I believe I have dealt with this last ground and made a finding on it.As at the time the complaint was filed or heard in 2004, the property in question had already changed its identity and ownership.The property deliberated on was non existent and any decision in respect of the old parcel could definitely become impossible to implement.Mr. Mugo for the Respondent submitted in respect of this ground that the transfer was done after the complaint had been filed. With respect to Mr. Mugo, the green card in the Record of Appeal clearly shows that the subdivision was done and title closed on 23/5/2001. His submission was not therefore correct.

On the issue of breech of Rules of Natural Justice, (Ground 2) it is clear, as stated above that the land in question was already registered in other people’s names.They were not heard.That in itself is reason enough to allow this appeal because no party should ever be condemned unheard.On the issue of jurisdiction i.e. Ground 1 – Mr. Mugo appears to have gotten it wrong.Mr.

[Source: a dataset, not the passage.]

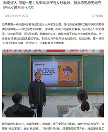 【湖南好人·每周一星】颜学清:一辈子当老师,很幸福 10月23日上午,溆浦县桥江镇中学七年级(8)班教室外,一个清瘦的“小老头”踮着脚朝窗户里打望,看孩子们有没有在专心上课。 “小老头”叫颜学清,是这个班的班主任,没上课的时候,他总是如此打望。“等送这批孩子毕业,我也要退休了。”说话间,颜学清的眼中泛起一丝泪光。 扎根乡村学校36年的颜学清,先后被评为“湖南省优秀教师”“全国模范教师”。今年4月,颜学清获评敬业奉献类“湖南好人”。
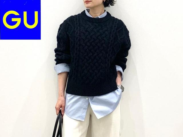 【GU】「ケーブルクルーネックニットプルオーバー」¥1,990(税込・セール価格)

Njage’s submission was not in respect of the composition or the territorial jurisdiction of the Tribunal.Indeed the tribunal was properly constituted and could entertain the appeal emanating from Magumoni.What Mr. Njage was referring to however was the “Jurisdiction ratione Materice” or jurisdiction related to the subject matter.The jurisdiction ratione materice of the Tribunal is clearly defined under Section 3(1) of the Land Disputes Tribunal Act.The same does not include jurisdiction or authority to determine issues of ownership of Registered Land.This was the position as reiterated by the Court of Appeal in case of BEATRICE M’MARETE –V- Republic.

By awarding the respondent 1 acre of land which would have to be excised from Registered Land, this would amount to interference of the Registered owner’s rights of ownership – and also to alteration or cancellation of a Title Deed which the Tribunal has no jurisdiction to do.

The normal conclusion to this opposition is that this appeal has merit.All 3 grounds of Appeal have been proved.I allow the appeal and set aside the decision of the Provincial Land Disputes Appeals Tribunal dated 10/4/2007.

I nonetheless direct that each party bears its won costs given the disadvantaged situation of the Respondent herein.

W. KARANJA

JUDGE

27/04/2010

Delivered, signed and dated today at Embu.

In presence of:- Mr. Mugo for Mr. Njage for the Applicant – Respondent was absent.

W. KARANJA

JUDGE

Court:

Mr. Mugo be supplied with a copy of Court’s Ruling.